AI agents fail in ways that logs don't capture. The agent called the right function, got a valid response, then produced the wrong output. By the time you notice, the trace is gone.
OpenTelemetry fixes this. Here's the full setup for a Claude-based agent.
The Problem With Console.log Debugging
A typical agent debugging session:
- User reports wrong output
- You add
console.logat suspected failure points - Reproduce the failure (if you can)
- Find the log line, add more logs around it
- Repeat
This works for synchronous code. For agents that run multi-step workflows, call tools in parallel, or execute asynchronously — it breaks down. You can't correlate log lines across steps without request IDs threaded through every call.

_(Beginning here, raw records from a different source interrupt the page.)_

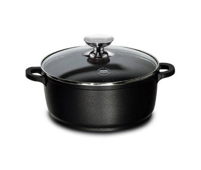 Bruchresistenter Glasdeckel mit Edelstahlknauf, angegossene Griffe, alles absolut backofengeeignet.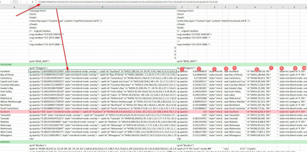 I’ve now built the whole map, Regions, Borders, Labels, Dots & lakes (a feature) into Excel so that I can easily chage colours and features.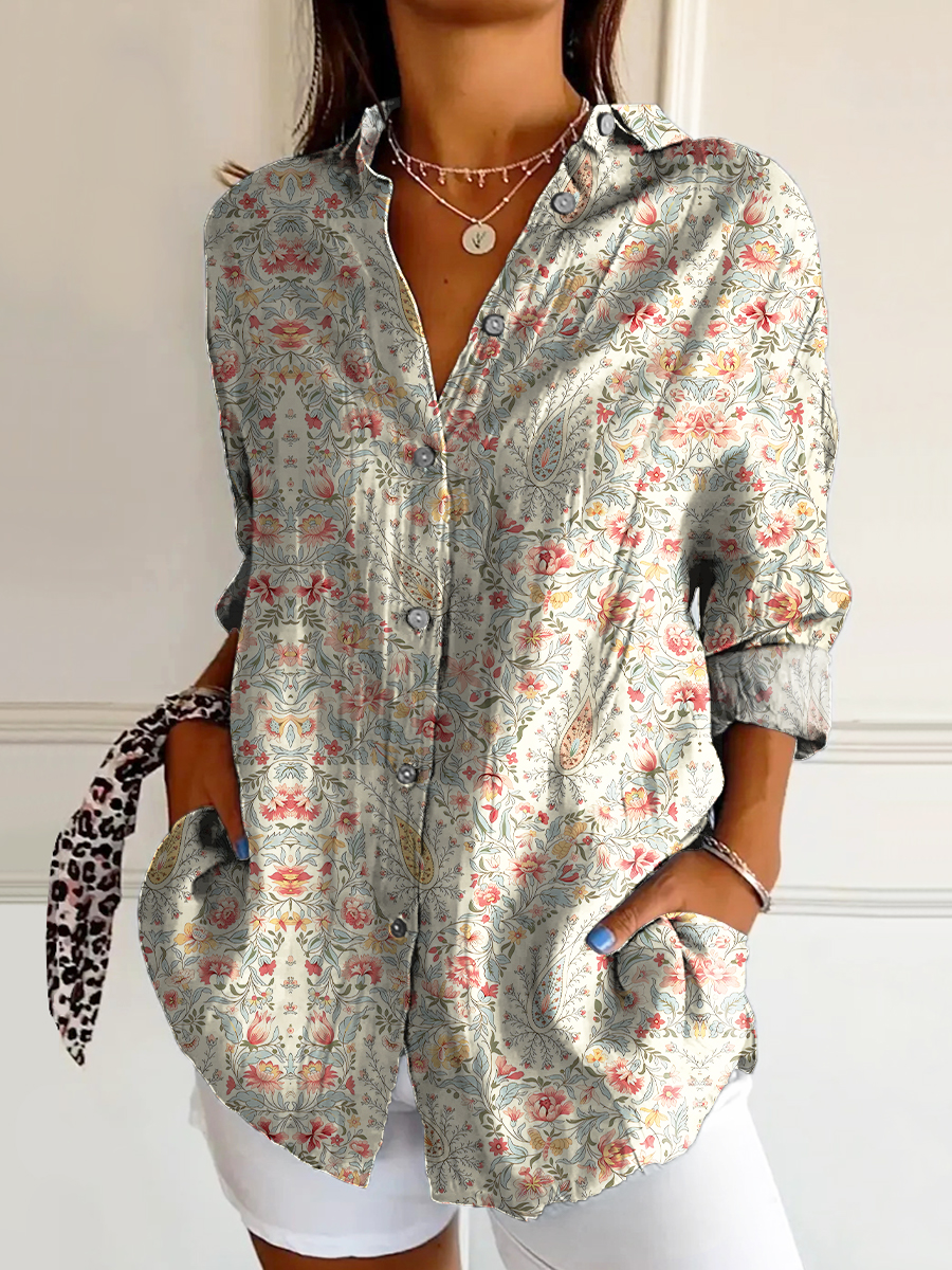 Women's Vintage Paisley Floral Art Print Casual Cotton Shirt
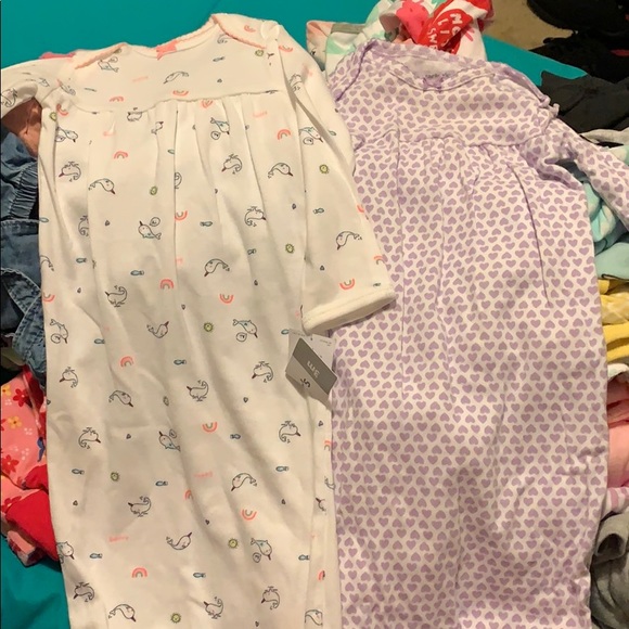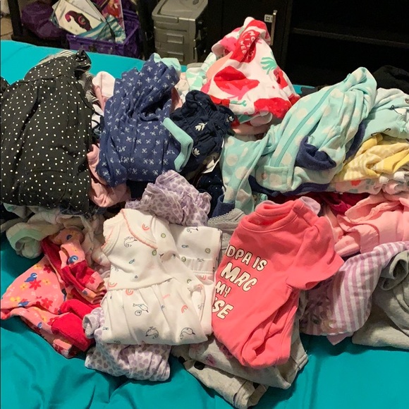(All sizes 0-3 months and 3-6 months) There are LOTS of baby girl clothes in this bag!!! I am looking to get rid of everything my baby girl can’t fit anymore. What’s in the bag has no stains, has been worn once or twice, or is new. items that’s been worn were washed with dreft laundry detergent. I am willing to negotiate I just want it gone! There’s gowns, sleepers, bodysuits, shoes, pants, shirts, and pajamas available. I KNOW ITS PRETTY SLOPPY AND THERES A LOT YOU CANT SEE I APOLOGIZE.
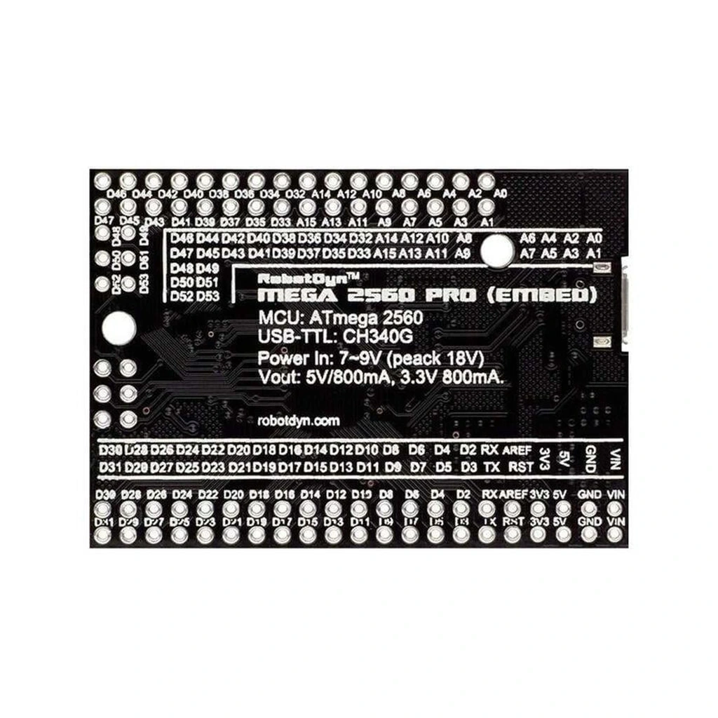 Arduino Mega2560 Pro Mini Geliştirme Kartı, ATmega2560 mikrodenetleyici ve USB-UART adaptörü CH340\'a dayanmaktadır. Kart Arduino Mega 2560 ile uyumludur. Pano 38x55mm\'lik kompakt bir form faktörüne sahiptir ve ATmega2560\'a dayalı projeler geliştirmek için mükemmel bir çözümdür. Mega Pro Embed işlevleri Arduino Mega 2560 ile aynıdır. Bir Embed kartı olmasına rağmen Mega Board gibi sağlamdır. Orijinal çipi kullanır ve kartta 16 MHz yüksek kaliteli kuvars rezonatörleri bulunur.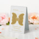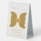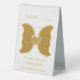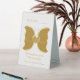 Wedding table number gold coloured butterfly heart design. Customise this gold coloured wedding table number with your wedding details. Should you require any help with customising then contact us through the link on this page. Gold coloured butterfly heart design personalised wedding table number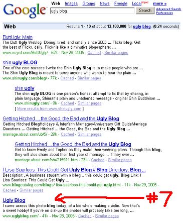 #1) Google placement for the keyword ugly blog (no quotes). Before running the system, I was ranked #8 in the search results. Today I am ranked #7. Not a big improvement, but an improvement nevertheless.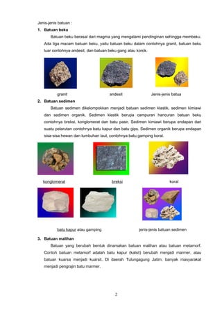 Dokumen ini membahas lithosfer, termasuk struktural, jenis batuan, dan proses yang membentuk permukaan bumi melalui tenaga endogen dan eksogen. Lithosfer adalah lapisan terluar bumi yang terdiri dari berbagai jenis batuan, dan proses pembentukan bumi dijelaskan melalui vulkanisme, tektonisme, dan bentuk-bentuk permukaan lainnya. Selain itu, dokumen ini juga mencakup pengertian gempa bumi dan faktor-faktor yang menyebabkannya.
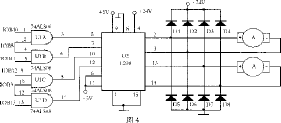 圖4為采用內(nèi)部集成有兩個橋式電路的專用芯片L298所組成的電機驅(qū)動電路。驅(qū)動芯片L298是驅(qū)動二相和四相步進電機的專用芯片,我們利用它內(nèi)部的橋式電路來驅(qū)動直流電機,這種方法有一系列的優(yōu)點。每一組PWM波用來控制一個電機的速度,而另外兩個I/O口可以控制電機的正反轉(zhuǎn),控制比較簡單,電路也很簡單,一個芯片內(nèi)包含有8個功率管,這樣簡化了電路的復(fù)雜性,如圖所示IOB10、IOB11控制第一個電機的方向,IOB8輸入的PWM控制第一個電機的速度;IOB12、IOB13控制第二個電機的方向,IOB9輸入的PWM控制第二個電機的速度。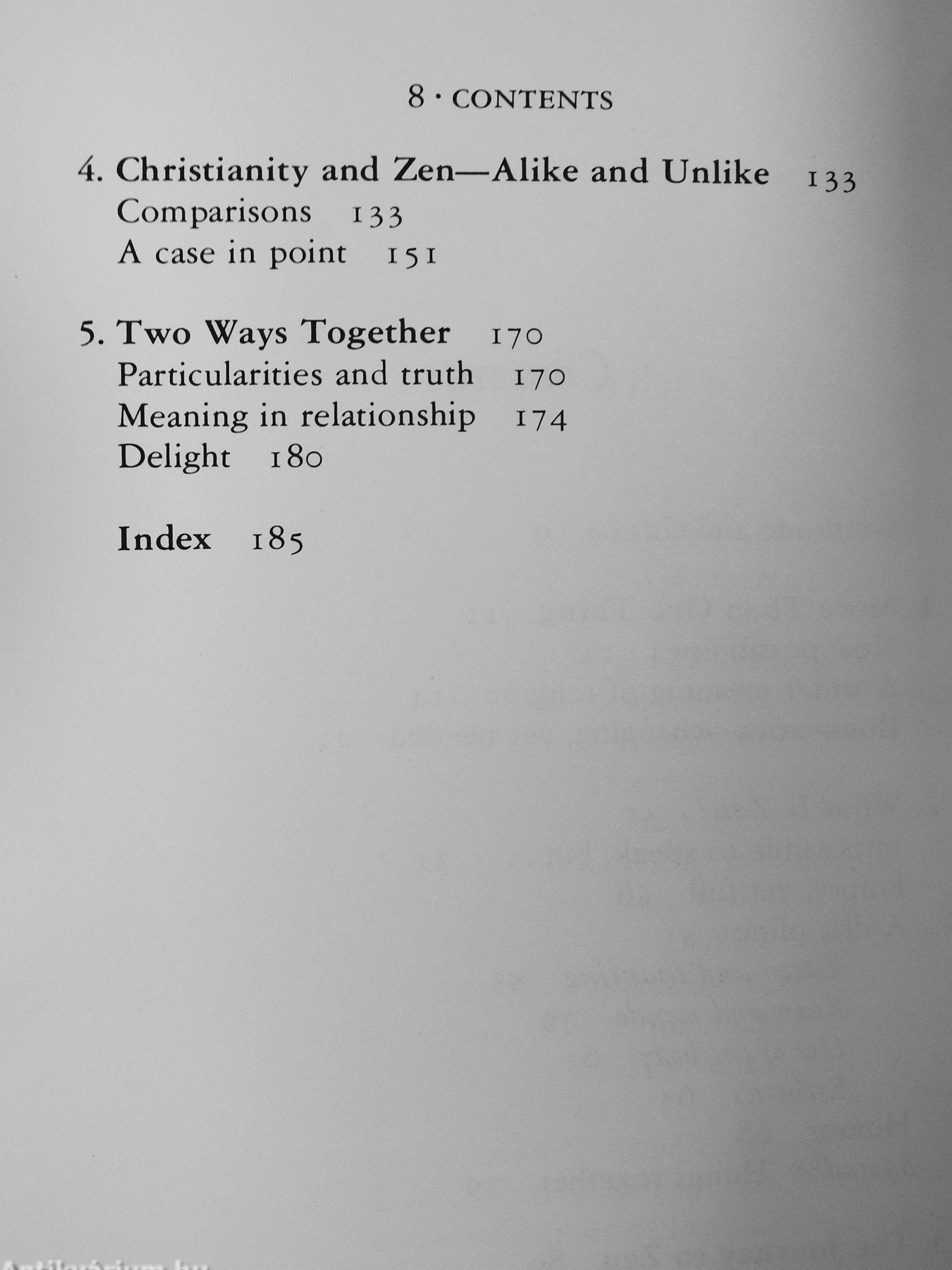 "My quest is being fulfilled through the particularities and relationship of Zen and Christianity. Like two prisms, they have refracted different light on the meaning of personal value and relationship to others. Different though Zen and Christianity may be, the double illumination has not produced for me contrasting glares or an inharmonious spectrum. As! try to understand how the light of one relates to the light of the other in me, I discover something deeper, namely, that I need the brightness of each, whatever the differences.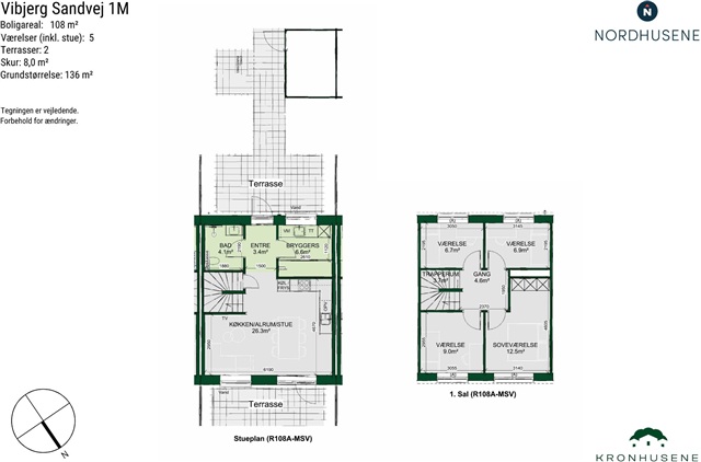 On the ground floor you'll find an entrance hall with plenty of space for storing outerwear etc. and a separate utility room with technical installations and a worktop with sink, washing machine and dryer. From the hallway you have access to the bathroom and the open and bright kitchen family room. The family room is furnished with an angled kitchen with space for a dining table and the possibility of a cozy sofa corner. A wide staircase leads to the first floor with a large bedroom with three built-in wardrobes and three bedrooms.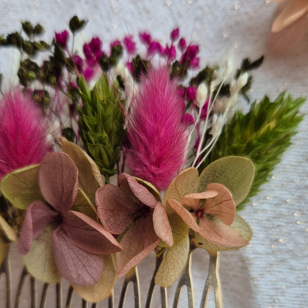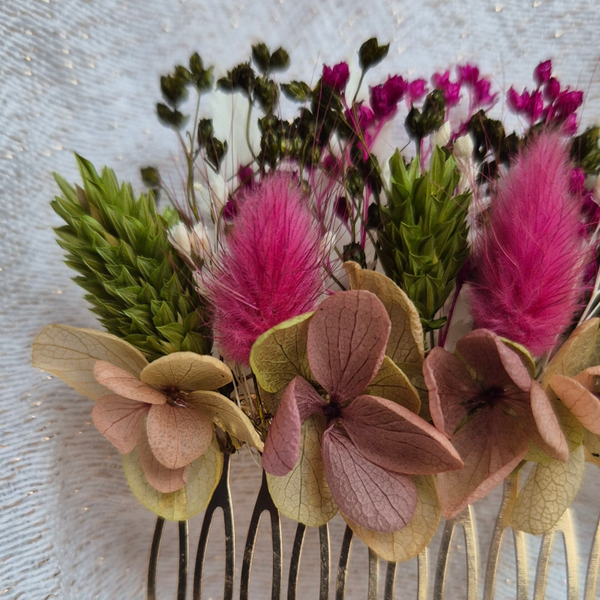 Découvrez les peignes artisanaux, soigneusement confectionnés à la main pour sublimer vos coiffures avec élégance. Chaque pièce est ornée de fleurs stabilisées, telles que des hortensias intemporels et dautre fleurs qui conservent leur beauté naturelle sans faner. Dans les tons vert beige et rose . Fixées sur des structures en métal doré, ces créations uniques allient raffinement et durabilité.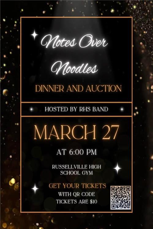 The Russellville High School Band will dish out pasta and fun music during the annual Notes Over Noodles dinner and auction. The event, which was first held in 2018, begins at 6 p.m. in Jim Young Gymnasium. Tickets, which cost $10, can be reserved by scanning the QR Code on the accompanying graphic.

OpenTelemetry gives you distributed tracing: every step of agent execution is a span, spans are linked into a trace, and you can visualize the full execution tree.
Setup: Jaeger + OTEL SDK
Run Jaeger locally:
docker run -d --name jaeger \
-p 16686:16686 \
-p 4318:4318 \
jaegertracing/all-in-one:latest
Install OTEL packages:
npm install @opentelemetry/sdk-node @opentelemetry/auto-instrumentations-node \
@opentelemetry/exporter-trace-otlp-http @opentelemetry/api
Create the tracer setup (load before anything else):
// instrumentation.ts
import { NodeSDK } from '@opentelemetry/sdk-node'
import { OTLPTraceExporter } from '@opentelemetry/exporter-trace-otlp-http'
import { getNodeAutoInstrumentations } from '@opentelemetry/auto-instrumentations-node'
import { Resource } from '@opentelemetry/resources'
import { SEMRESATTRS_SERVICE_NAME } from '@opentelemetry/semantic-conventions'
const sdk = new NodeSDK({
resource: new Resource({
[SEMRESATTRS_SERVICE_NAME]: 'claude-agent',
}),
traceExporter: new OTLPTraceExporter({
url: process.env.OTEL_EXPORTER_OTLP_ENDPOINT ?? 'http://localhost:4318/v1/traces',
}),
instrumentations: [
getNodeAutoInstrumentations({
'@opentelemetry/instrumentation-http': { enabled: true },
'@opentelemetry/instrumentation-fetch': { enabled: true },
}),
],
})
sdk.start()
process.on('SIGTERM', () => sdk.shutdown())
Instrumenting the Agent
// lib/agent/traced-agent.ts
import Anthropic from '@anthropic-ai/sdk'
import { trace, SpanStatusCode } from '@opentelemetry/api'
const tracer = trace.getTracer('claude-agent', '1.0.0')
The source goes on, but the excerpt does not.